The bandage above my left eye conceals a cut caused by a flying Champagne cork at Molly Jong-Fast’s Party . . .
. . . but Reader! Do not faint! Please! I promise you! Molly’s butler comes quickly with his mop and pail and swabs up the blood, and look at Katie Phang— Not a splatter on her!
I tell you this, because only that conk on the head can possibly explain the bizarre events that occur after I leave Molly’s party.
I’ll lay the facts before you, Reader. So when the young woman who signs herself Can’t Think Straight calls the police—or when that lying rat of a fiancé of her’s hires a lawyer—you can explain to the judge that I am innocent, OK? Isn’t this the best way?
✤ ✤ ✤
It all begins when I bid my melodious adieux at Molly’s—you’ve said your good-byes at Molly’s parties, Reader, you know the routine—Kiss! Kiss! Kiss! Kiss! Kiss! Kiss! Kiss!
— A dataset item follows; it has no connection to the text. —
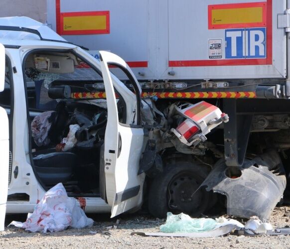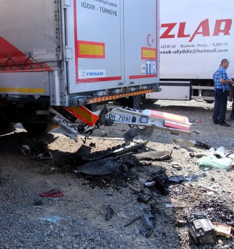 Kahramanmaraş'ta hafif ticari aracın park halindeki tıra çarpması sonucu 2 kişi öldü, 2 kişi yaralandı.
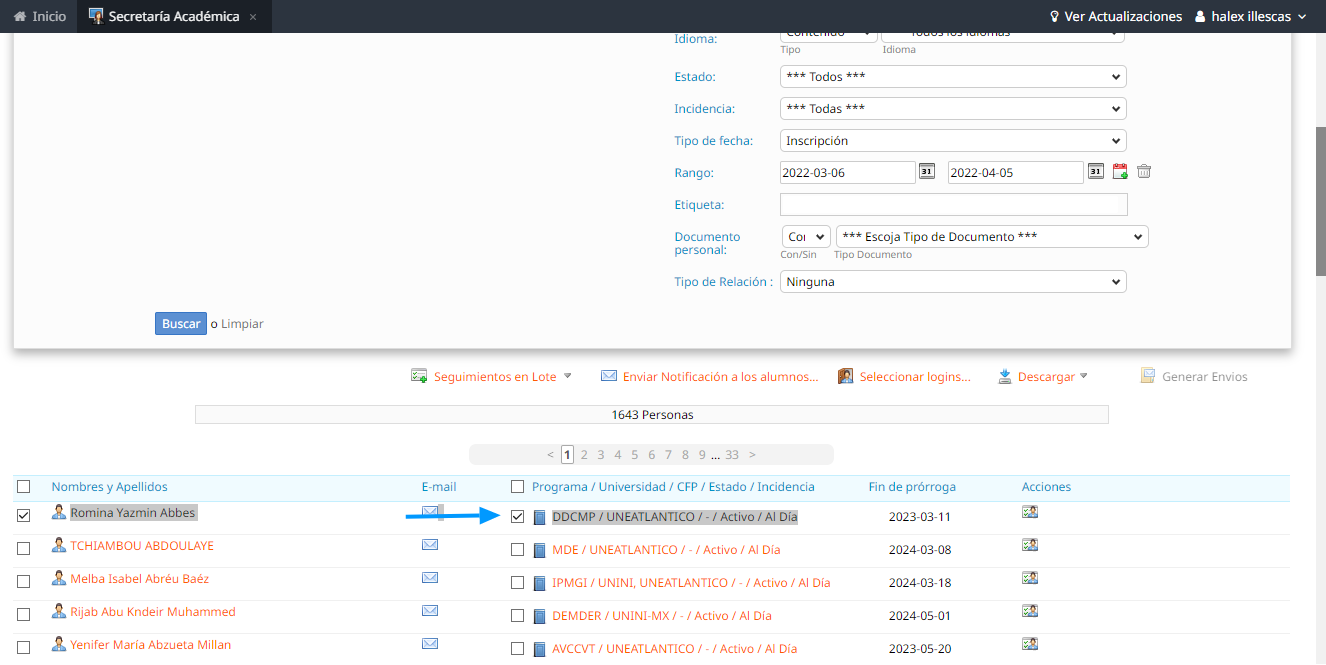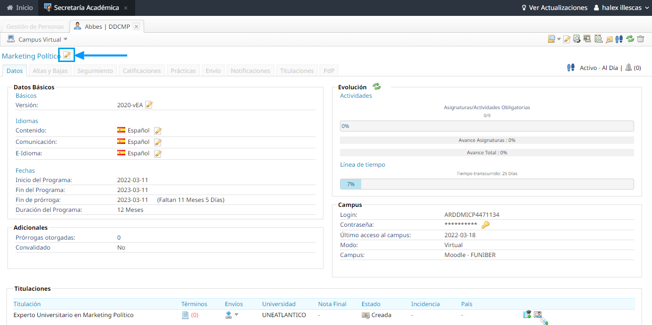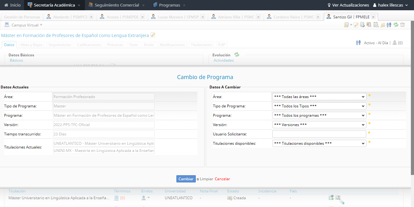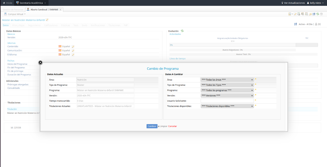 Luego el usuario técnico debe ingresar a la ficha del estudiante a sufrir el cambio de programa.

Kiss! Kiss! Kiss! Kiss! Kiss! Kiss! Kiss! Kiss!—and then, pulling out my phone, checking email and stepping inside Molly’s elevator—which, as Molly lives in one of New York’s reigning buildings, looks like Casanova’s water closet—I press LOBBY, and read the following Ask E. Jean letter on the ride down:
Dear E. Jean:
Three days ago I packed up and moved out of my and my fiancé’s apartment. Why? Sunday night he fell asleep on the couch with his phone on. I happened to glance at the screen—I swear I wasn’t looking on purpose—and I saw a message from a strange woman about “meeting up.”
I know I should not have gone any further. I’m a trustworthy, honest person, and I HATE snoops, but I couldn’t help it. I picked it up. I just wanted to check if it was about our upcoming wedding, you know.
It turned out he had messages from dozens of women! Dozens! And not just messages, he’s meeting them IRL, he’s having sex with them, and talking about doing all this crazy fantasy stuff, sometimes with two different women on the same day, sometimes including another man.
I’m so upset right now writing this, crying, unpacking all my shit I’d packed up and drove out here to Montclair, where I’m staying with my aunt, and my aunt keeps telling me to get tested for Monkey Pox! I’m terrified. I thought he loved me. You really never know anyone, do you?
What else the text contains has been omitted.